"""

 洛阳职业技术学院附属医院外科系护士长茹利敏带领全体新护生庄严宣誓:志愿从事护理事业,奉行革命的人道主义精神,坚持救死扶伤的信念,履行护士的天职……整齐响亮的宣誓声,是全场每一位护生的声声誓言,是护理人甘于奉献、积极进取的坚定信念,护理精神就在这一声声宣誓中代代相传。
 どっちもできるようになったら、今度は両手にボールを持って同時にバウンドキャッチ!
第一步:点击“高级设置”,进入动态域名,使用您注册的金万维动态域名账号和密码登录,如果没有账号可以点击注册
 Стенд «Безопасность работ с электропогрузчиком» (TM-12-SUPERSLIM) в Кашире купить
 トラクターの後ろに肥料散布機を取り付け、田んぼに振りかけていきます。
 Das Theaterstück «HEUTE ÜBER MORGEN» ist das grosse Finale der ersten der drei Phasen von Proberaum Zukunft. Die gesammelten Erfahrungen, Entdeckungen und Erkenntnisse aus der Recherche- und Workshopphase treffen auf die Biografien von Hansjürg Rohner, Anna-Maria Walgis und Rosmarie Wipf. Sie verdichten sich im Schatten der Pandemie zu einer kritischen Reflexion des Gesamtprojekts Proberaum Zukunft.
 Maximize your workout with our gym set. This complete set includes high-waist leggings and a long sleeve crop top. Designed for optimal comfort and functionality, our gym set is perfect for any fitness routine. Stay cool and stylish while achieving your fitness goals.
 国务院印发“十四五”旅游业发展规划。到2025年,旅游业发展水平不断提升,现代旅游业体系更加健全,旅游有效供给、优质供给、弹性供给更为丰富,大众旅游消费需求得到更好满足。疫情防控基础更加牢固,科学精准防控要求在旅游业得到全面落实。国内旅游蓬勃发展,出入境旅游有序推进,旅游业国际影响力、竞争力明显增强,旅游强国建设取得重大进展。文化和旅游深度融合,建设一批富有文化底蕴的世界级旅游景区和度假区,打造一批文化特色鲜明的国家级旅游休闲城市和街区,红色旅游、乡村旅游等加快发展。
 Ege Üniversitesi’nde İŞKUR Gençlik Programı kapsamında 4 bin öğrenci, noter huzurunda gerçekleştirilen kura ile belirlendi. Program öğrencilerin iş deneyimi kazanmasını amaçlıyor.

"""
"""

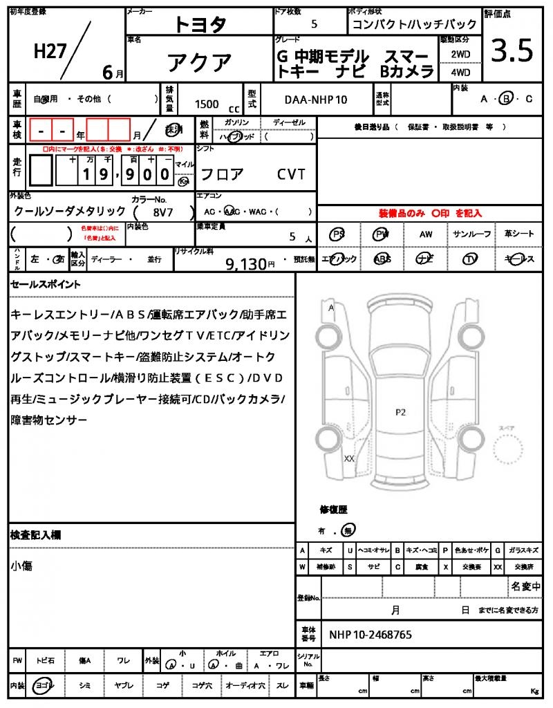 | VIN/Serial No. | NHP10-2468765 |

"""
"""

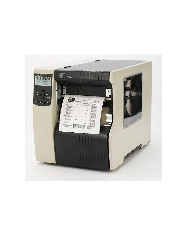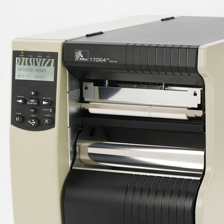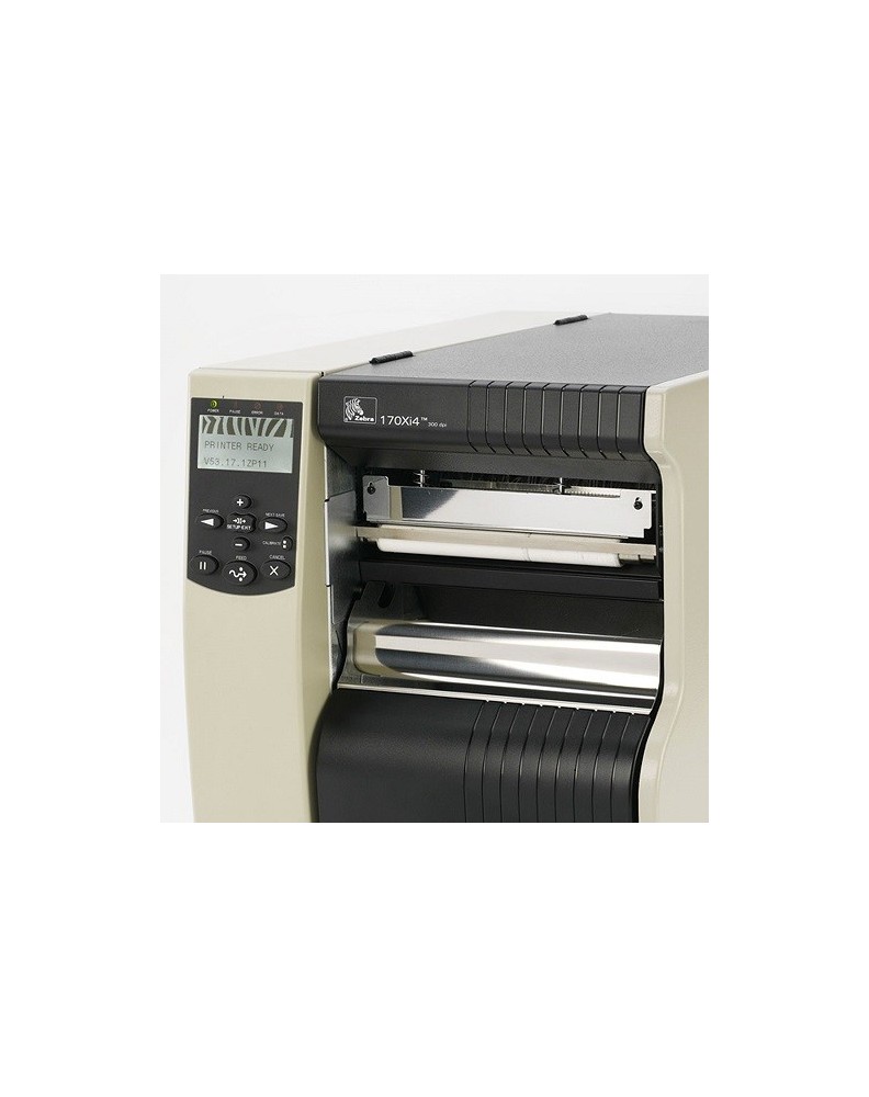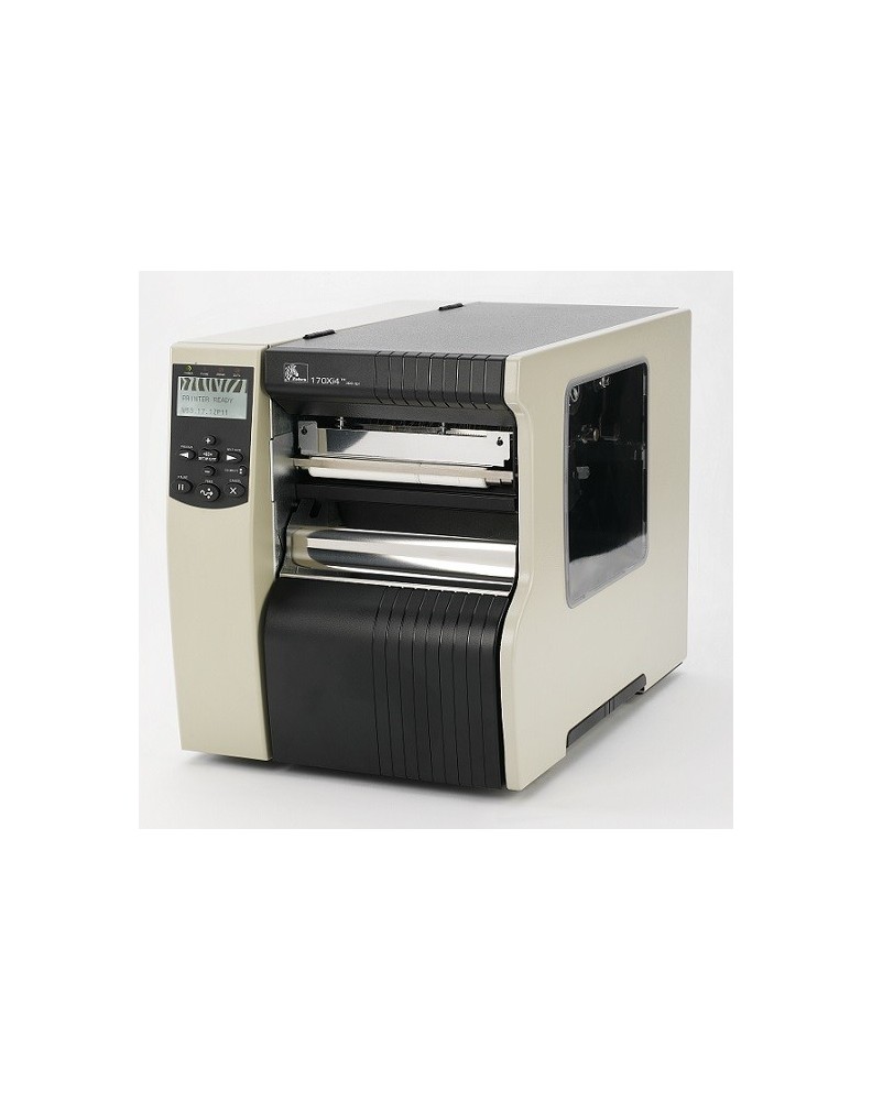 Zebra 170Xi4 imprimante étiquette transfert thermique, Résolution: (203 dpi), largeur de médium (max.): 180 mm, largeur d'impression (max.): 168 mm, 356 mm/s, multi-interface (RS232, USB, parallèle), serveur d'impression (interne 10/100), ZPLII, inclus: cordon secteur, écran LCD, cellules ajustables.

"""

▸ Exercise: Retype the records above, but only those lines that fall between the line containing "どっちもできるようになったら" and the line containing "トラクターの後ろに肥料散布機を取り付け、田んぼに振りかけていきます。", with both of those lines included, exactly as written.

▸ Finished exercise:
 どっちもできるようになったら、今度は両手にボールを持って同時にバウンドキャッチ!
第一步:点击“高级设置”,进入动态域名,使用您注册的金万维动态域名账号和密码登录,如果没有账号可以点击注册
 Стенд «Безопасность работ с электропогрузчиком» (TM-12-SUPERSLIM) в Кашире купить
 トラクターの後ろに肥料散布機を取り付け、田んぼに振りかけていきます。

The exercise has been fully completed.